→ **Directions**: Nothing but the lines below from the one that contains "Welcome to Restaurant" through the one that contains "Close-up of cute" should be retyped, exactly and including both ends. Do not include pictures.

→ **Records to use**:
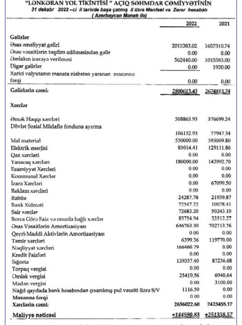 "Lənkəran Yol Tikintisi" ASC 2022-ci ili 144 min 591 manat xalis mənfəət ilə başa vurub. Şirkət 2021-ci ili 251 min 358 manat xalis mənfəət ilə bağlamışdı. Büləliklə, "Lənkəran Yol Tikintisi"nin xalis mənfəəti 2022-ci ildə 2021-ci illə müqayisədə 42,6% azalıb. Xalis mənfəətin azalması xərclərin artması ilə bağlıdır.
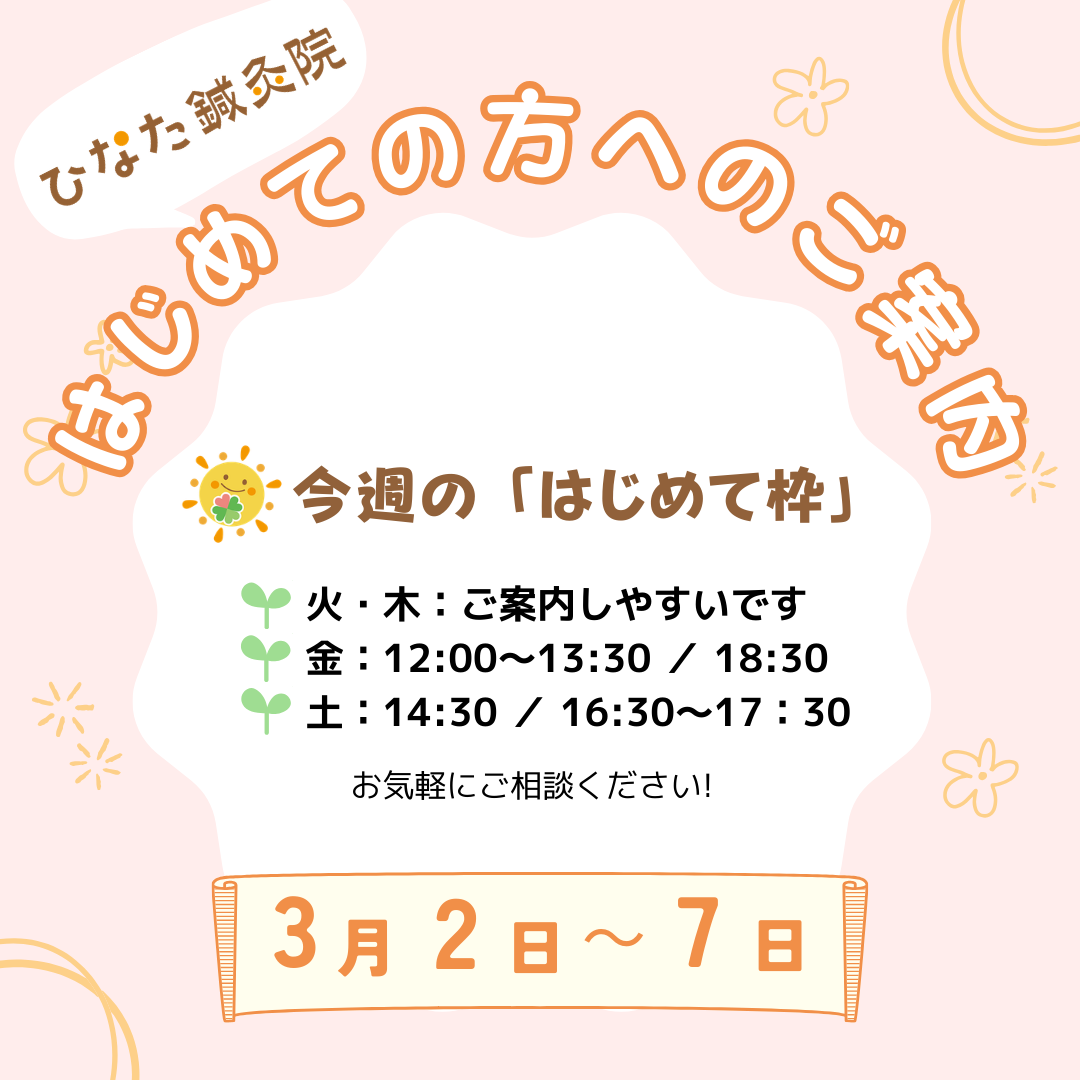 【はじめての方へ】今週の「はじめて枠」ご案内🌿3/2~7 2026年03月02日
---
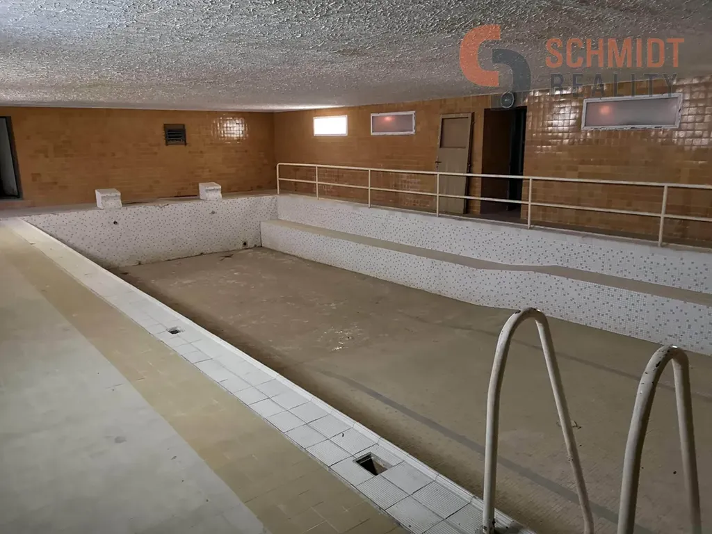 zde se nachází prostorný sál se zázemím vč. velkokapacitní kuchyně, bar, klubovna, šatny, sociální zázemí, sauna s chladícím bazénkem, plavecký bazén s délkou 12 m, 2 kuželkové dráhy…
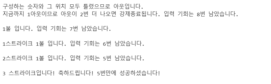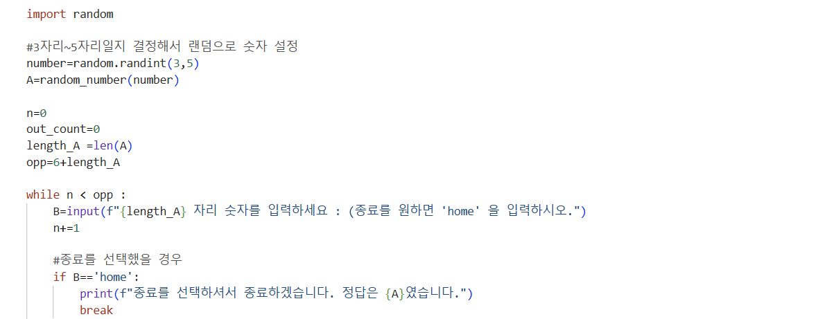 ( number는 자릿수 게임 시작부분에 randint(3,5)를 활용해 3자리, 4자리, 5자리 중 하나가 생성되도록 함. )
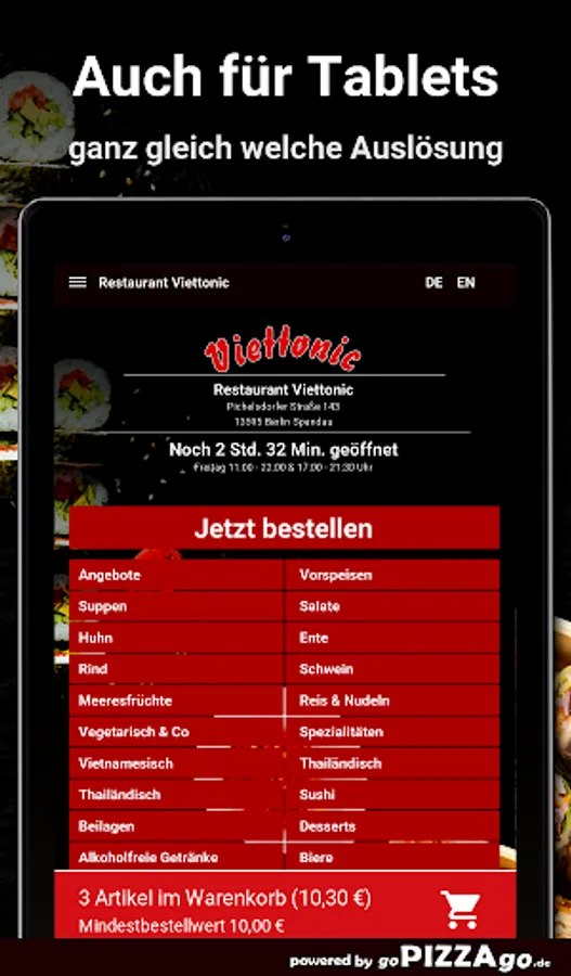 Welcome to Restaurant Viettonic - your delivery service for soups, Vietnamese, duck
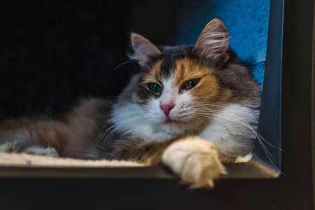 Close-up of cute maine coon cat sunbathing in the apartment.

→ **Solution to the problem**:
 Welcome to Restaurant Viettonic - your delivery service for soups, Vietnamese, duck
 Close-up of cute maine coon cat sunbathing in the apartment.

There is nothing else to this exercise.